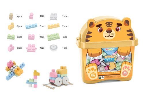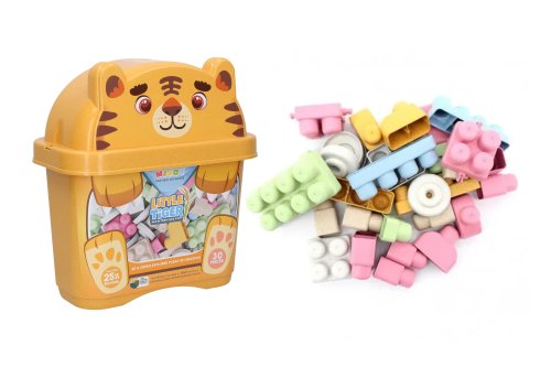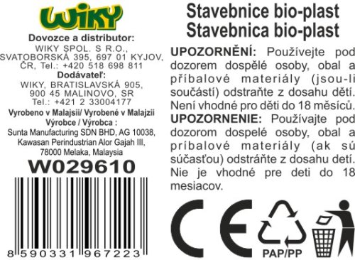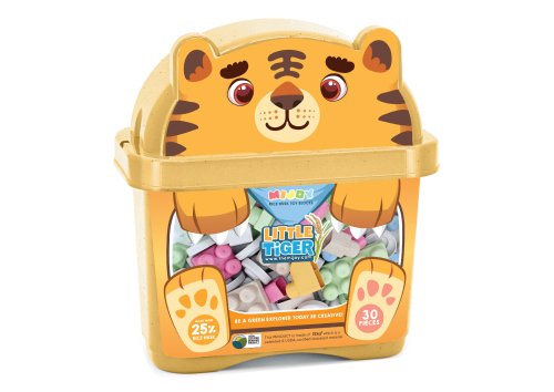 Stavebnice z bio-plastu. Balení obsahuje 30 kostek. V krabičce s víkem 25,5 x 14,5 x 28 cm. 25% plastové směsi tvoří rýžové slupky.
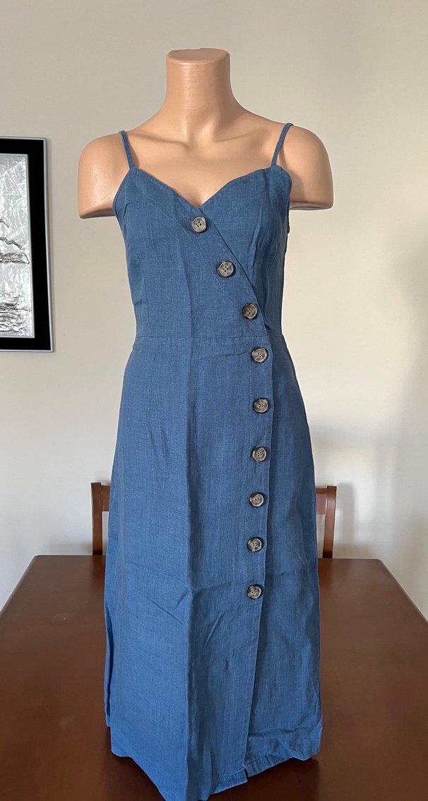 Düğmeli önü ve ince askılarıyla keten kumaştan yapılmış lacivert uzun midi elbise. vintage bohem tarzında, günlük kullanım için uygundur. Robin marka. %100 keten kumaş. 36 beden. Ama 34 bedene de uyar. Çok tatlı bir mavi renk. Askılı düğmeli. etek ucuna doğru hafif bir yırtmacı var. Bir kere giyildi. Yeniden farksız. Çok kaliteli bir parça. Askılı giymiyorsanız içine beyaz tişört ile çok güzel bir uyum oluyor. #keten #ketenelbise #elbise #mavi #mavielbise #askılı #askılıelbise #midielbise #uzun elbise #robin #lcwaikiki #defacto #koton #mavi #colins #littlebig #ltb #ambar #penti #dagi #suwen #mudo #adilışık #adl #lewis #ipekyol #twist #network #pierrecardin #uspoloaasn #polo #vakko #tommyhilfiger #zara #mango #bershka #stradivarius #pullandbear #hm #h&m #yargıcı #massimodutti #beymen #nautica #gap #lee #loft #lacoste #occasion #wcollection #adidas #nike #vans #newbalance #puma #reebok
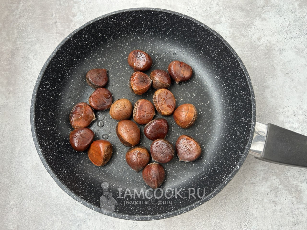 Первый способ: жареные каштаны на сковороде. На разогретую сковороду выложите каштаны. Сбрызните холодной водой и накройте крышкой, обжаривайте на огне чуть выше среднего 20-25 минут. Периодически сбрызгивайте водой и переворачивайте, чтобы каштаны равномерно прожарились.
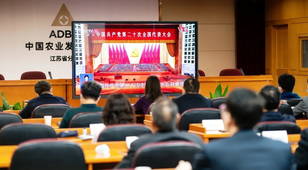 江蘇省分行黨委高度重視黨的二十大精神學習宣傳貫徹工作,結合疫情防控,專題研究并下發(fā)通知,對收聽收看組織工作做出明確部署安排。10月16日上午10時,黨的二十大在京勝利開幕,省行黨委班子各處室負責人在省行機關集中收聽收看,各市縣行領導班子及部分黨員在當?shù)匦屑惺湛?,其他員工也通過電視、網(wǎng)絡等方式自覺收聽收看。大家一致表示,要全面貫徹習近平新時代中國特色社會主義思想,凝心聚力、攻堅克難,踔厲奮發(fā)、勇毅前行,以昂揚的斗志和充沛的干勁投入服務“三農(nóng)”的事業(yè)中。

━━━━━━

» ACTIVITY
Please retype the material above exactly, and omit its images.

» RESPONSE
 Stavebnice z bio-plastu. Balení obsahuje 30 kostek. V krabičce s víkem 25,5 x 14,5 x 28 cm. 25% plastové směsi tvoří rýžové slupky.
 Düğmeli önü ve ince askılarıyla keten kumaştan yapılmış lacivert uzun midi elbise. vintage bohem tarzında, günlük kullanım için uygundur. Robin marka. %100 keten kumaş. 36 beden. Ama 34 bedene de uyar. Çok tatlı bir mavi renk. Askılı düğmeli. etek ucuna doğru hafif bir yırtmacı var. Bir kere giyildi. Yeniden farksız. Çok kaliteli bir parça. Askılı giymiyorsanız içine beyaz tişört ile çok güzel bir uyum oluyor. #keten #ketenelbise #elbise #mavi #mavielbise #askılı #askılıelbise #midielbise #uzun elbise #robin #lcwaikiki #defacto #koton #mavi #colins #littlebig #ltb #ambar #penti #dagi #suwen #mudo #adilışık #adl #lewis #ipekyol #twist #network #pierrecardin #uspoloaasn #polo #vakko #tommyhilfiger #zara #mango #bershka #stradivarius #pullandbear #hm #h&m #yargıcı #massimodutti #beymen #nautica #gap #lee #loft #lacoste #occasion #wcollection #adidas #nike #vans #newbalance #puma #reebok
 Первый способ: жареные каштаны на сковороде. На разогретую сковороду выложите каштаны. Сбрызните холодной водой и накройте крышкой, обжаривайте на огне чуть выше среднего 20-25 минут. Периодически сбрызгивайте водой и переворачивайте, чтобы каштаны равномерно прожарились.
 江蘇省分行黨委高度重視黨的二十大精神學習宣傳貫徹工作,結合疫情防控,專題研究并下發(fā)通知,對收聽收看組織工作做出明確部署安排。10月16日上午10時,黨的二十大在京勝利開幕,省行黨委班子各處室負責人在省行機關集中收聽收看,各市縣行領導班子及部分黨員在當?shù)匦屑惺湛?,其他員工也通過電視、網(wǎng)絡等方式自覺收聽收看。大家一致表示,要全面貫徹習近平新時代中國特色社會主義思想,凝心聚力、攻堅克難,踔厲奮發(fā)、勇毅前行,以昂揚的斗志和充沛的干勁投入服務“三農(nóng)”的事業(yè)中。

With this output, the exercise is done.